Your Letter by order of your Committee directed to Mr Cooper with the inclosed Resolves came to my hand this day. I shall as soon as possible call a Committee of the Town who are appointed to consider of Ways and Means for the Employment of the poor, and to appropriate and distribute such Donations as our generous friends shall make for the Reliefe of those Inhabitants who may be deprivd of the Means of Subsistence by the Operation of the Port Bill. This Committee consists of the standing Overseers of the poor who are to act in Concert with others who had been before appointed for the purposes above mentiond, as you will observe by the inclosed Votes of the Town. The principal Reason assignd in the Vote for joyning the Overseers is because by an Act of this province they are a corporate body empowerd to receive Monies &c for the Use of the poor, but those Gentlemen have since informd the others of the joynt Committee that they cannot consistently with the Act of their Incoporation admit of any but their own Body in the Distribution of the Monies that may at any time come into their hands for the Use of the poor. They are heartily desirous of acting in Concert agreable to the Vote of the Town but consider themselves as under Restraint by the Law. The Donors may if they please consign their Donations to any one Gentleman (William Phillips Esqr) to be appropriated for the EMPLOYMENT or RELIEFE of such Inhabitants of the Town of Boston as may be deprived of the Means of Subsistence by the Operation of the Act of Parliament commonly stiled the Boston Port Bill, at the best Discretion of the Overseers of the poor of Boston joynd by a Committee appointed by said Town to consider of Ways and Means for the Employment of the poor.

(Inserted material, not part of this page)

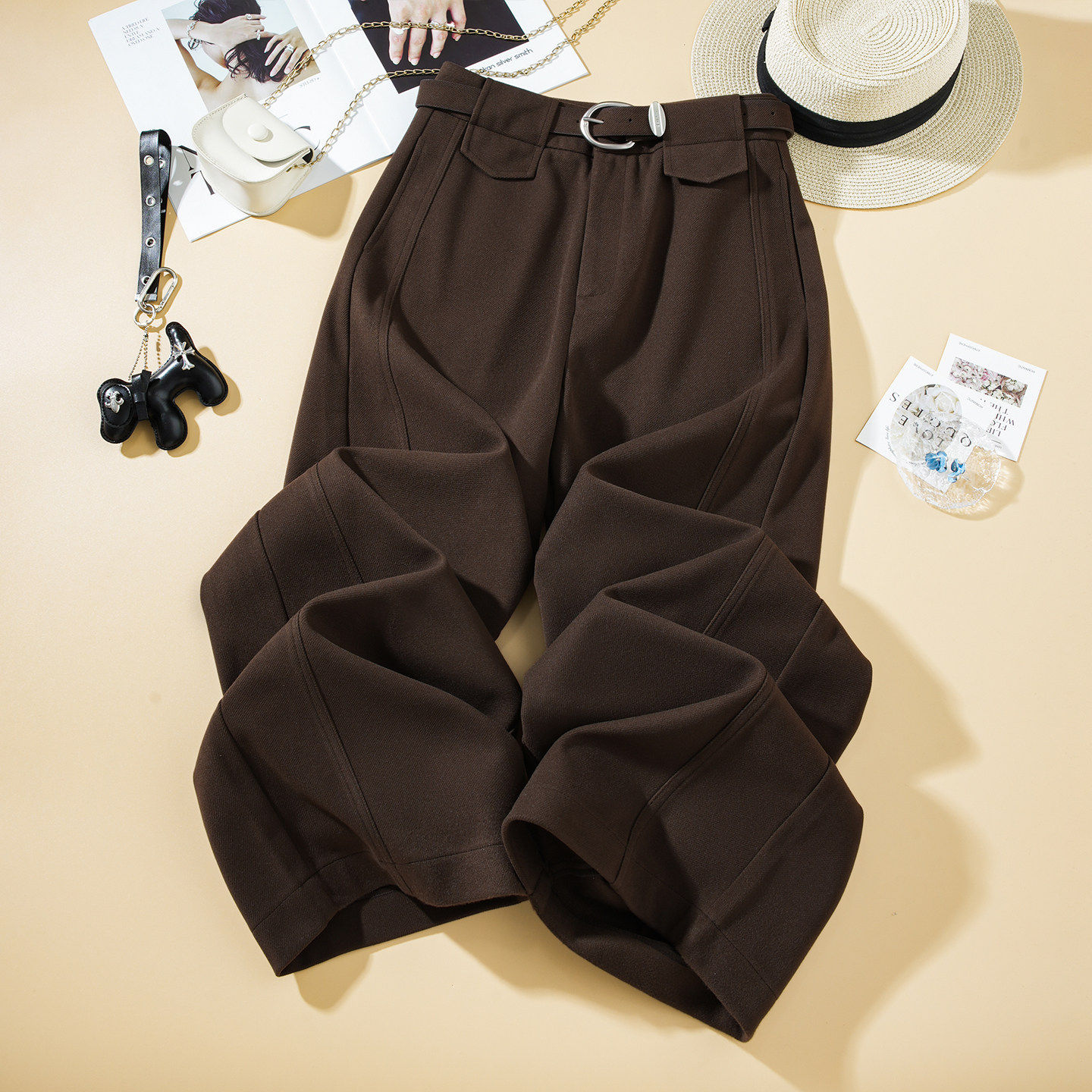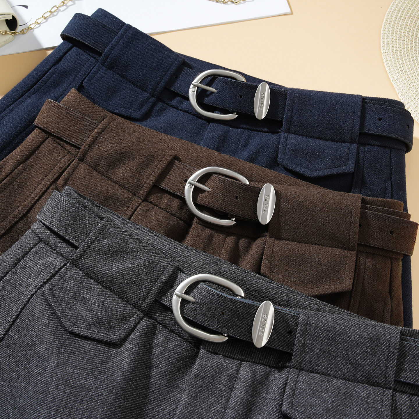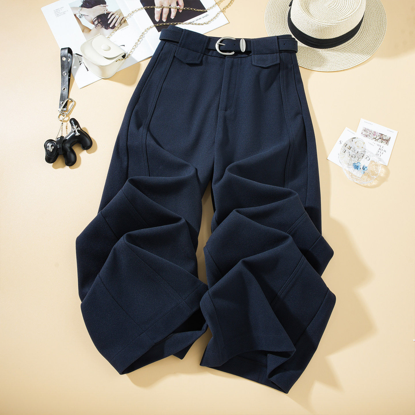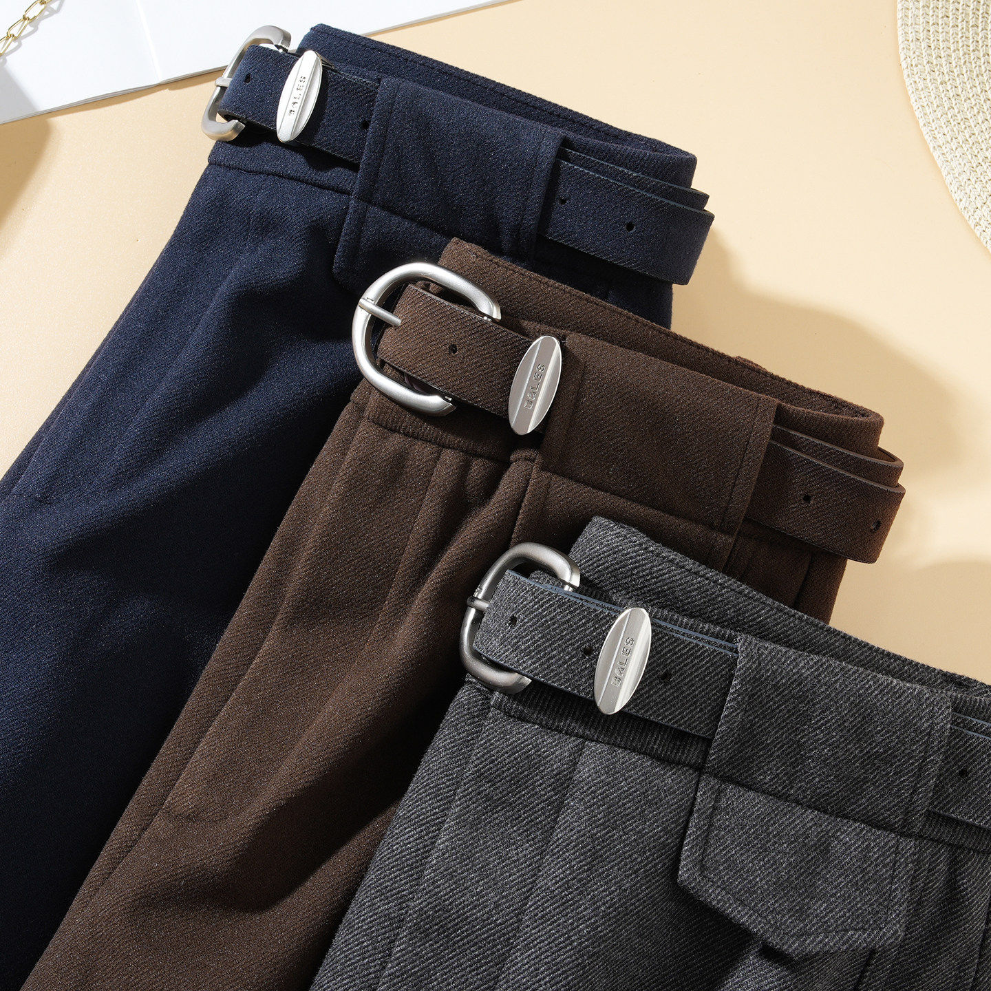 啄木鸟毛呢阔腿裤女2025秋冬新款高腰显瘦垂宽松休闲裤

I have given my private Sentiment, and am with great Respect &
Gratitude to the Gentl of the City & County of Philadelphia,

Your friend & fellow Countryman,1

________________________________________________________________ 1In the interval before the date of the next letter an article signed "Candidus" was published in the Massachusetts Spy, July 7, 1774. This is attributed to Adams by W. V. Wells, and portions are printed in his Life of Samuel Adams, vol. ii., pp. 187,197.